Echoing Betrayal, pt I
- anfalasx
- Nov 7, 2024
- 4 min read
Updated: Nov 23, 2024
The job had sounded simple enough, at least by the standards Echo’s team usually worked by—breaking into an abandoned nuclear power plant, slipping past whatever automated security still lingered, and snatching an arc resonator, a rare piece of tech buried somewhere in the reactor’s depths. The plant was an ancient relic, long disused, and the arc resonator was worth a fortune to the right buyers. But Echo should’ve known—jobs like this were never as straightforward as they seemed.
She moved with her team through the shadowed corridors of the facility, her ravens hovering silently around her, their cloaking fields active. The old walls hummed faintly, a reminder of the dormant power that lingered here, even after all these years. Everything smelled of stale metal and ozone. She kept to the rear, as was her usual role, monitoring their six with the precision her augment-enhanced senses allowed. There was a tension in the air, but she chalked it up to nerves—nuclear plants had a way of putting everyone on edge.
They descended deeper, moving through rusted stairwells and narrow maintenance shafts, until finally, they reached the heart of the plant: the reactor chamber. It was an imposing sight, a vast circular room filled with towering machinery and a central reactor that looked like a sleeping giant. The arc resonator they sought was nestled against the core, suspended in a containment field to avoid the residual radiation.
Echo didn’t realize something was off until her teammates began moving just a little too quickly, keeping just out of her reach as she secured the resonator, packing it carefully to avoid triggering any dormant alarms. She glanced up, catching the last of her team slipping through a door on the far side of the chamber. A chill settled in her gut.
“Hey, wait—” she called out, but her voice echoed into emptiness. They were already gone.
“Alpha One, what's going on?” She demanded over the commnet.
“... I'm sorry, Echo. Good luck - you'll need it.” Came the muffled response, followed by a notification that the commnet had been disbanded.
Then the door clanged shut, a heavy, mechanical finality that sent adrenaline rushing through her veins. Her ravens flitted to her side, sensing her alarm, and she tapped into the network to command one to check the door. As it hovered near, she heard the whir of servos locking into place, followed by a deep hum as the reactor began to stir.
“Reactor initiating overload sequence. Please evacuate immediately.”
The automated voice droned through the chamber, cold and indifferent. She could see a timer beginning to count down on one of the old control panels: five minutes. Panic clawed at her throat, but she forced it down. She didn’t have time for anger, for betrayal. All that mattered was getting out.
Echo sprinted toward the door, pulling out her rail gun and blasting at the lock, but it was reinforced—a standard industrial door, far thicker than she could handle without heavy explosives. Her mind raced. If she didn’t find another way out, she’d be vaporized when the reactor went critical. She had three minutes left, tops.
“Ravens, scan for exits,” she whispered, her voice steady despite the fear that gnawed at her. The drones flitted around her, scanning walls, vents, anything that might provide an escape. The seconds ticked down, her heartbeat pounding in her ears as her ravens analyzed every inch of the chamber.
Then, one of them found something—a service hatch, hidden in the shadows near the floor on the far side of the room. It was small, barely wide enough for her to crawl through, but it led to a maintenance tunnel that snaked its way back to the upper levels.
“Go,” she whispered to her ravens, sending them ahead to scout the path, clearing her escape route as best they could.

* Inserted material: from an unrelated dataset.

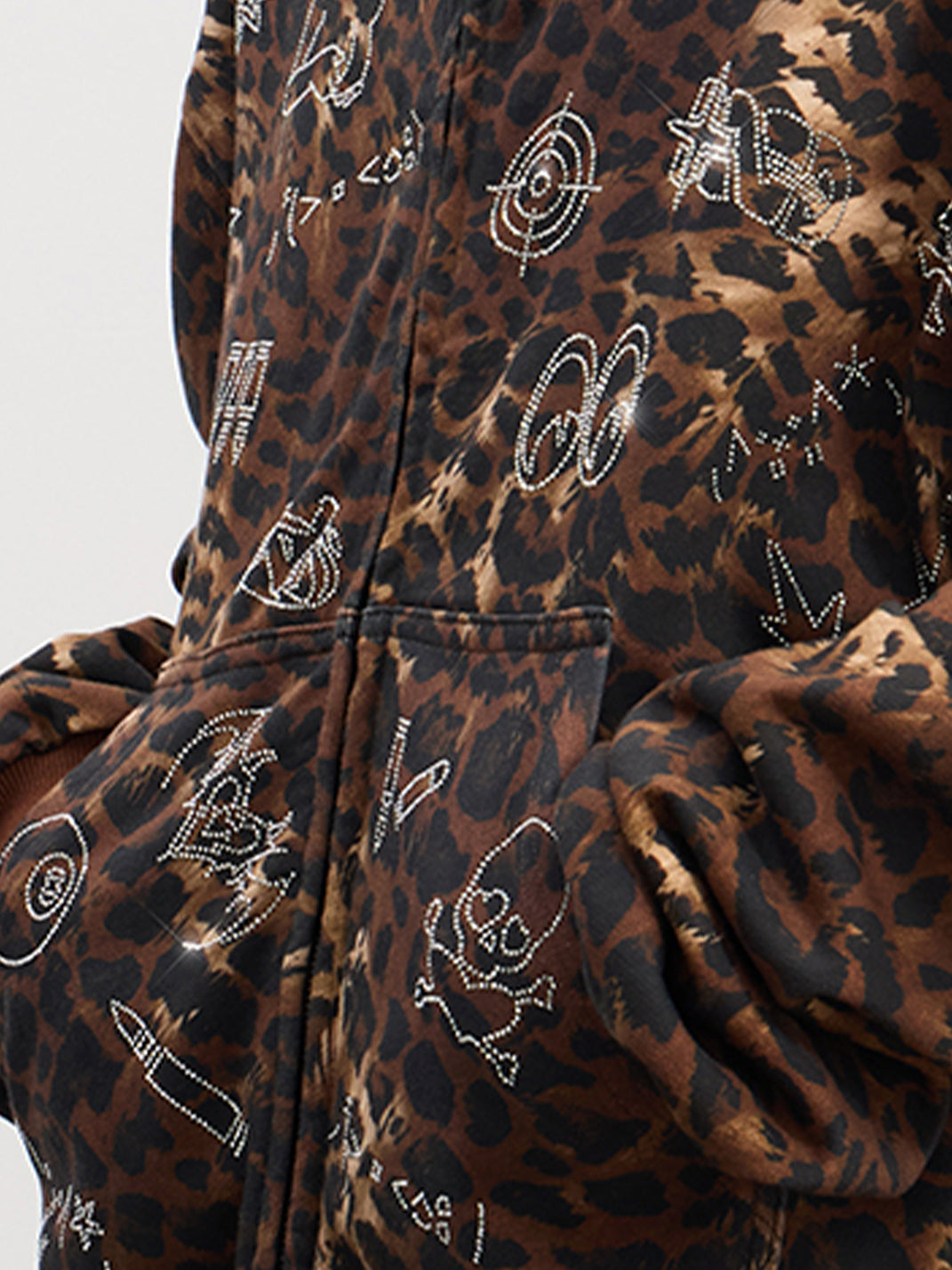 DND4DES | Rhinestone Leopard Zip Up Hoodie Skip to content

With no time to spare, she dropped down, wriggling through the narrow hatch, feeling the heat of the reactor building behind her. She was nearly halfway through when she felt a searing pain on her arm—an edge of metal had sliced her skin, and blood was already pooling around her elbow. She ignored it, her mind focused solely on reaching the surface.
The seconds stretched endlessly as she crawled, gasping for breath as the tunnel narrowed and twisted. Her ravens provided status updates, pinging her with every inch of progress. The vibrations in the walls grew, and she knew she had only moments left before the entire structure would be engulfed in a catastrophic burst of energy.

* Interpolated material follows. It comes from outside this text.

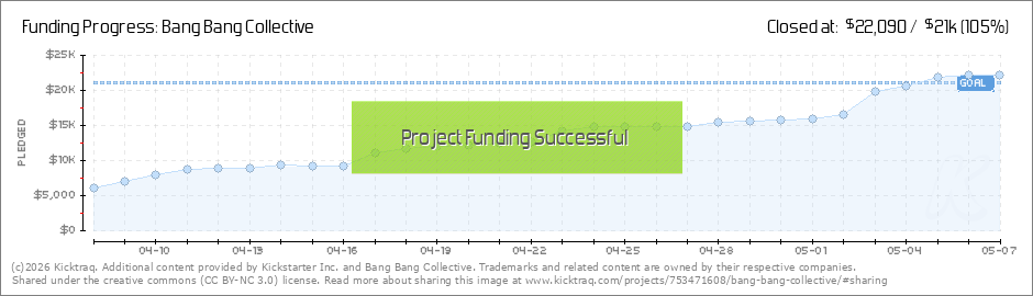Help your backers reach your daily goals and help others see how you're doing. It's easy, with Kicktraq Mini.Here are a few quick snippits of code you can use to embed your personalized widget on your website, in your blog, and even on your favorite forum.
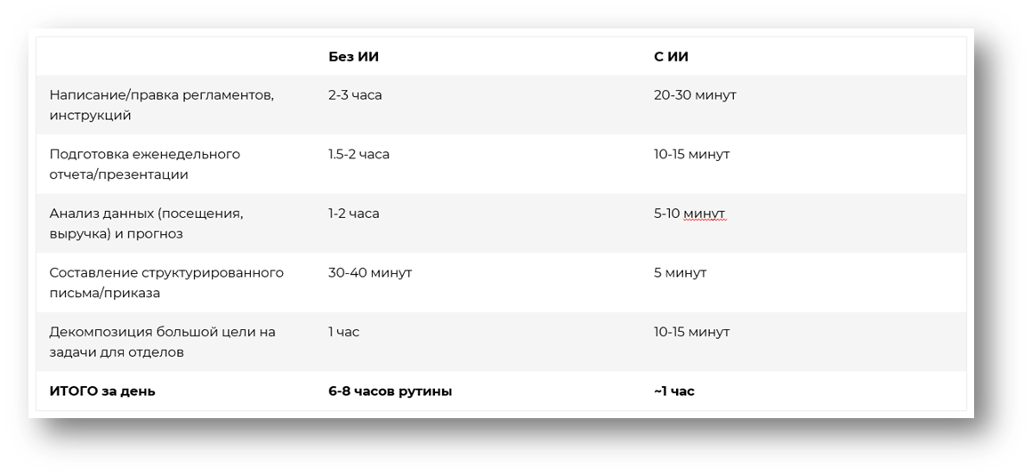 Отдельная категория задач — подготовка презентаций. Мы как руководители часто делаем презентации для партнеров, для инвесторов, для внутренних совещаний. И это тоже отнимает массу времени.

Finally, she emerged into a derelict corridor, barely managing to haul herself up as the countdown hit zero. She threw herself behind a concrete pillar as the explosion roared through the complex. The shockwave rattled her bones, the blast so powerful it shook the ground, sending debris raining down around her.

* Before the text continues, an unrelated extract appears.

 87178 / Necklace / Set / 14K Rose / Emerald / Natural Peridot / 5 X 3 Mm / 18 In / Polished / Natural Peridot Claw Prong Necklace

For a moment, she lay there, trembling, her body aching from the crawl, from the burns and scrapes, from the searing realization that her team—the people she’d trusted with her life—had left her to die. The ravens hovered close, their circuits humming in worry, almost as if they were comforting her.
Echo didn’t cry. She didn’t scream. She simply pushed herself up, gritting her teeth as she activated her cloaking field and disappeared into the shadows. If her team thought she was dead, they wouldn’t be looking over their shoulders for her.
But they’d underestimated her. And in the days to come, she would make sure they knew—no one betrayed Echo and walked away unscathed.